Fortaco Group Holdco Oyj’s Insider Guidelines are based on the Finnish and EU laws and regulations, the most important being the EU’s Regulation 596/2014/EU on market abuse, the Finnish Securities Markets Act (746/2012), the Finnish Penal Code (39/1889) and Guidelines for Insiders of Listed Companies prepared by Nasdaq Helsinki Ltd. These are supplemented by the company’s own Insider Guidelines.
The CFO of Fortaco Group is responsible for the Insider Guidelines and the maintaining of the insider list for the general insider management of the company, answering questions in regard to the Insider Guidelines and other insider issues, and any other insider issues of the company.

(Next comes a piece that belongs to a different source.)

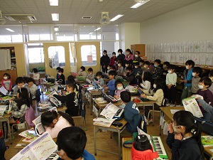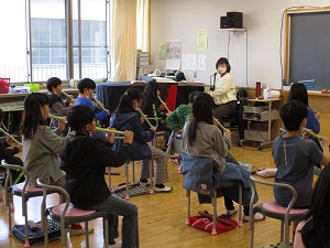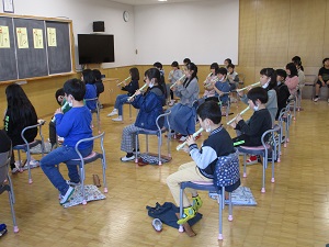 2月も後2日になりました。しばらく寒い日が続いていましたが、明日から数日は4月の暖かさになるようです。寒暖差で体調をくずさないようお気を付けください。学校では、今週の木曜日に迫った「6年生を送る会」へ向けての練習に、どの学年も一生懸命に取り組んでいます。最初の写真は、1年生。その後教室を回ると、2年生は音楽の授業(交換授業でした。)、6年生はテストに取り組むところでした。次の時間の体育館は、主役の6年生。さすがの演奏でした。凛々しい6年生の姿を目に焼き付けておきたいと思います。最後の写真は、にじ組です。1~6年生が混ざった中での演奏は難しそうですが、がんばっていました!本番が楽しみです!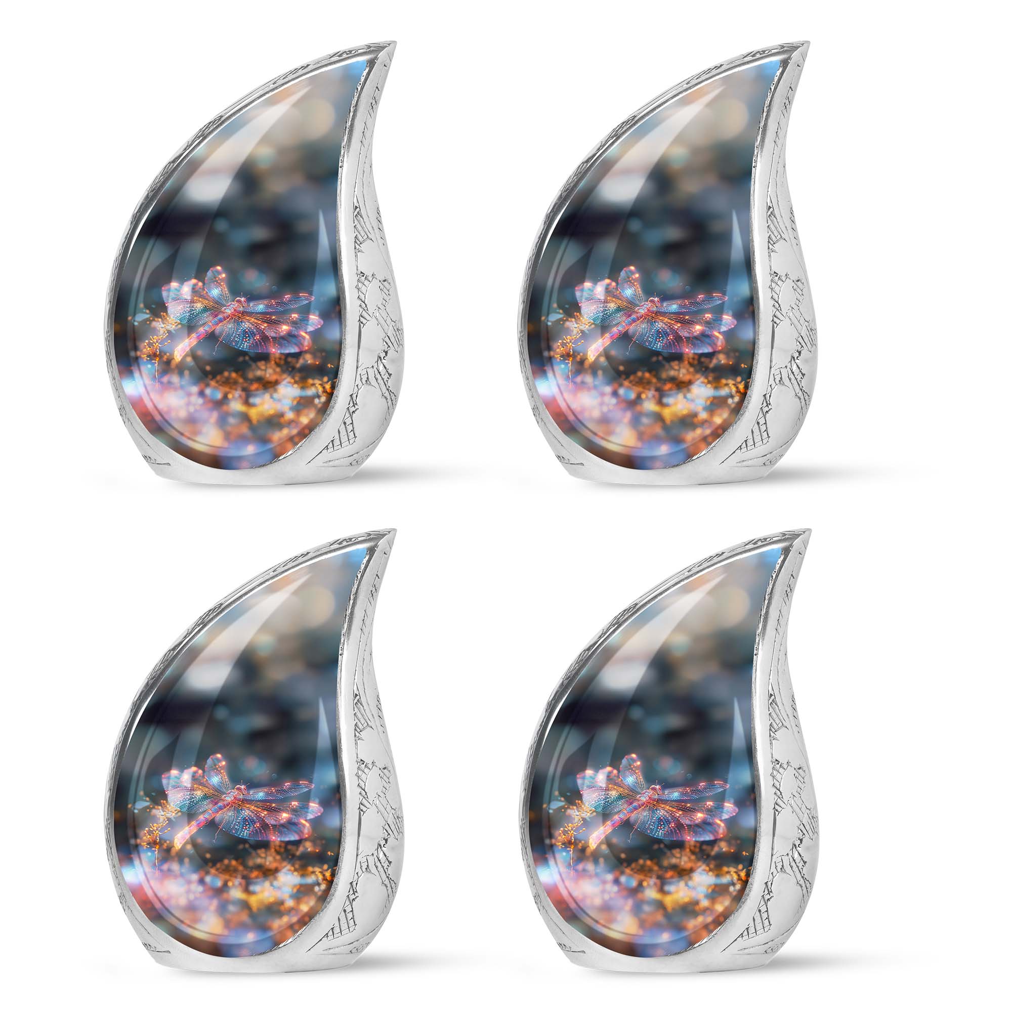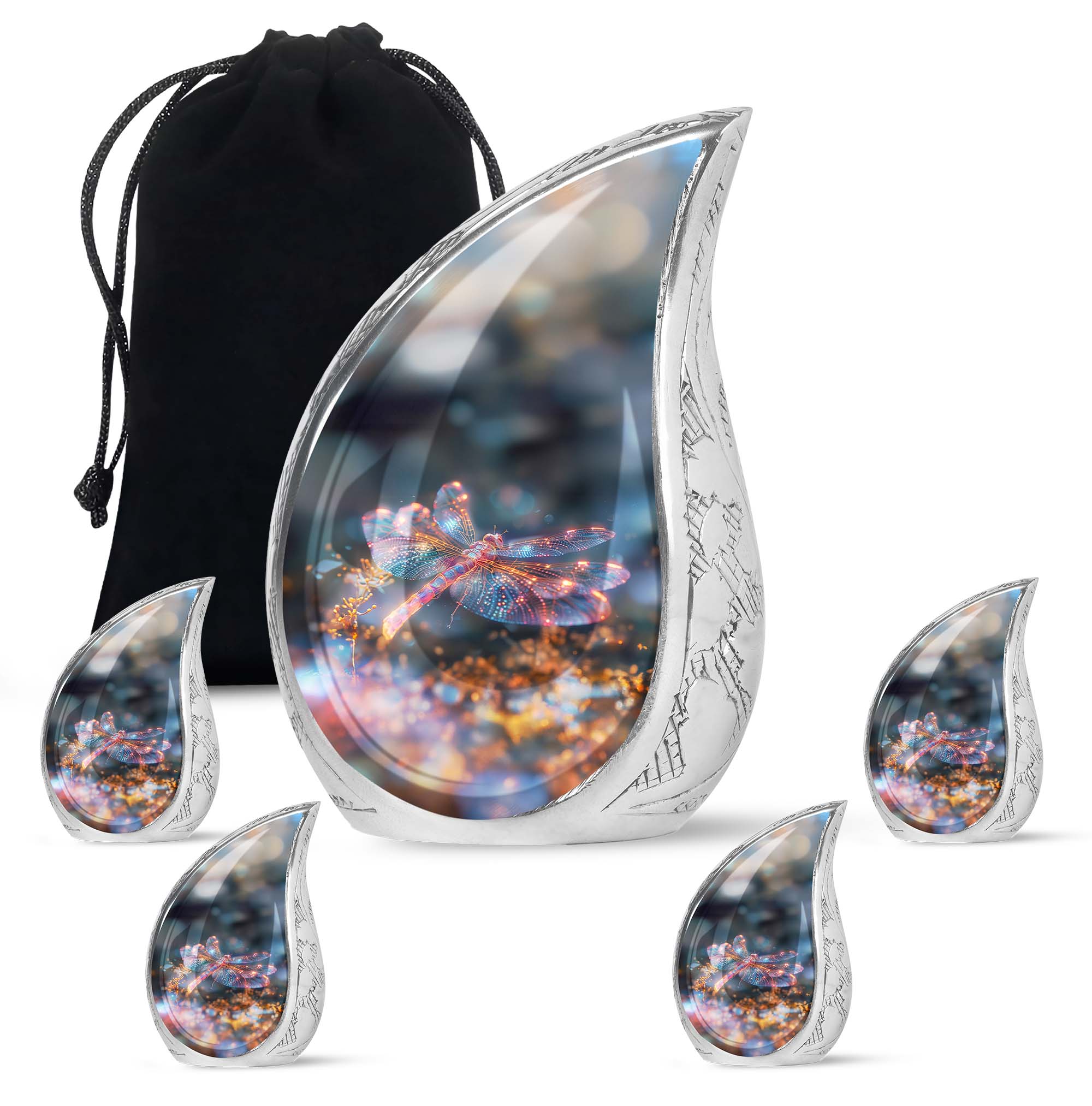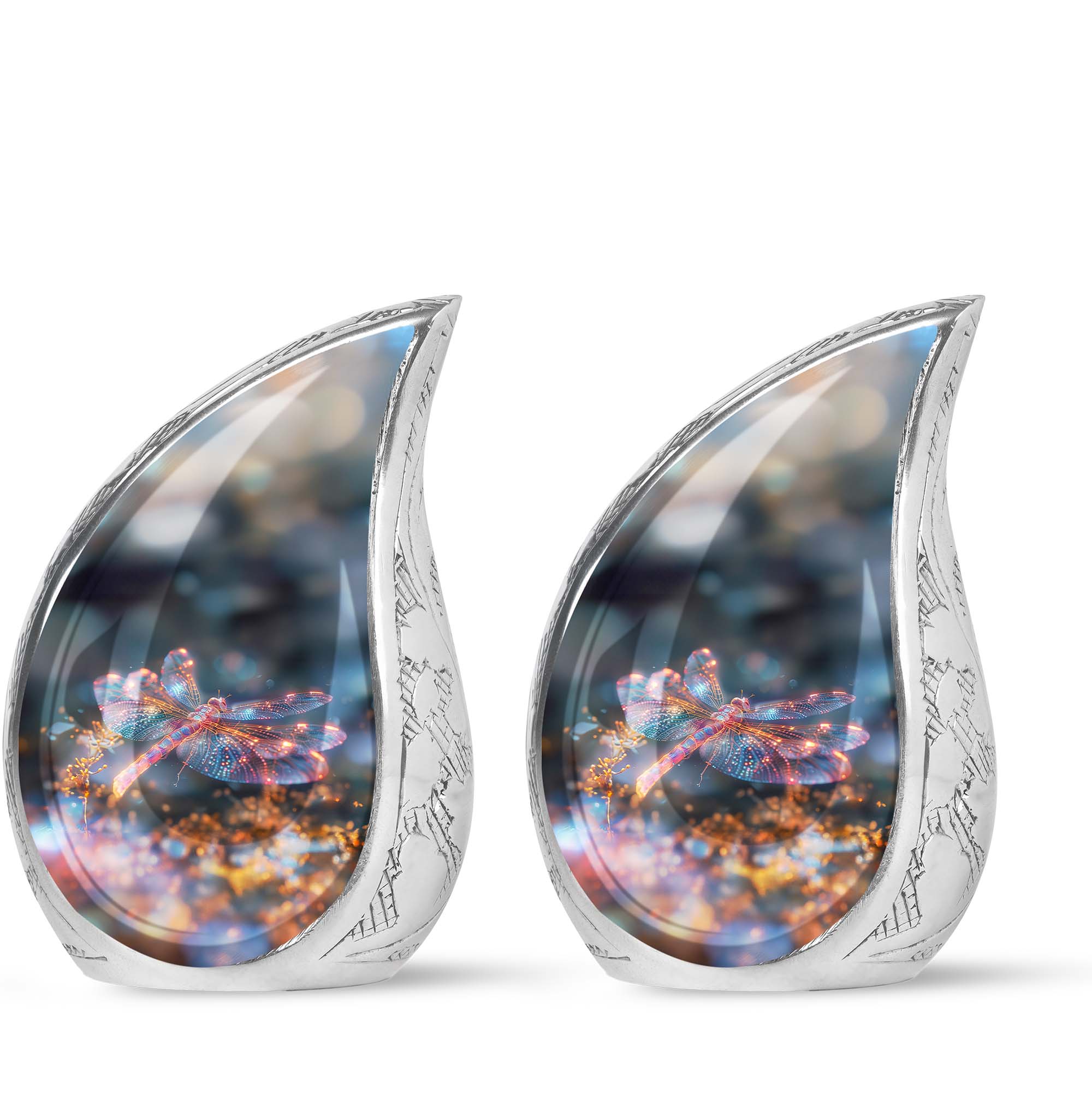 Crafted with precision and compassion, this piece blends fine craftsmanship with durable materials. The vibrant dragonfly motif, glowing in warm fiery tones, represents renewal and peace—making it one of the most meaningful adult urns for men & women. Made of premium aluminium, it provides secure storage for ashes and can be used as a burial urn or a stunning display keepsake. Its versatility makes it perfect for those seeking urns for human ashes women or mens urns for human ashes with equal elegance.

Fortaco discloses inside information, which directly concerns the company or its financial instruments as soon as possible. Decisions on the disclosure of inside information, or delaying disclosure, are made by the Company’s Supervisory Board and the President & CEO together. In urgent cases, decision can be made together by the Chairman of Supervisory Board and President & CEO. The inside information will be disclosed via a stock exchange release.
Fortaco Group has defined the persons discharging managerial responsibilities in the company pursuant to MAR to be the members of the Supervisory Board, the members of the Board of Directors, CEO and CFO. They, as well as persons closely associated with them, have an individual obligation to notify the company and the FIN-FSA of transactions conducted on their own account relating to the shares or debt instruments of the company or other financial instruments or derivatives linked thereto.

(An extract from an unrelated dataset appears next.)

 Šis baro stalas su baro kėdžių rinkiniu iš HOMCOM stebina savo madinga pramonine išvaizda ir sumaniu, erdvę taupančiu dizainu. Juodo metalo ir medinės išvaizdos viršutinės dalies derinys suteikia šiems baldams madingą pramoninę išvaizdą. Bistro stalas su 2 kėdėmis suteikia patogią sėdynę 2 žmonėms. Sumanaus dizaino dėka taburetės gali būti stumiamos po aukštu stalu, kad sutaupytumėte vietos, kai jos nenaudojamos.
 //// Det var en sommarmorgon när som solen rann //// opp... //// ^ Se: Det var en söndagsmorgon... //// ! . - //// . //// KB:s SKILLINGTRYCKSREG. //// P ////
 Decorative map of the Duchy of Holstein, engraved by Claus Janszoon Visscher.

An official notification shall be made by the managers and their closely related parties promptly and no later than three business days after the date of the transaction to the company and the FIN-FSA. The company publishes the received transaction notifications as an announcement within two business days of receiving the notification.
The managers may not conduct any transactions on their own account or for the account of a third party, directly or indirectly, relating to the company’s financial instruments during a closed period of thirty (30) calendar days before the publication of the financial statements release or interim financial report, including the day of publication of said report.
The company has expanded the trading restrictions during the closed period to also cover such employees and other persons, who are not managers, and who have a possibility to acquire information on the interim financial report or the year-end report of the company due to their position or duties before the publication thereof.
The company maintains a list of all managers and their closely related parties. The managers must provide the company with a list of their related parties and update such list whenever necessary.
Fortaco has informed all employees about the insider guidelines. Guidelines are available on the company’s intranet. Fortaco organizes training on insider guidelines.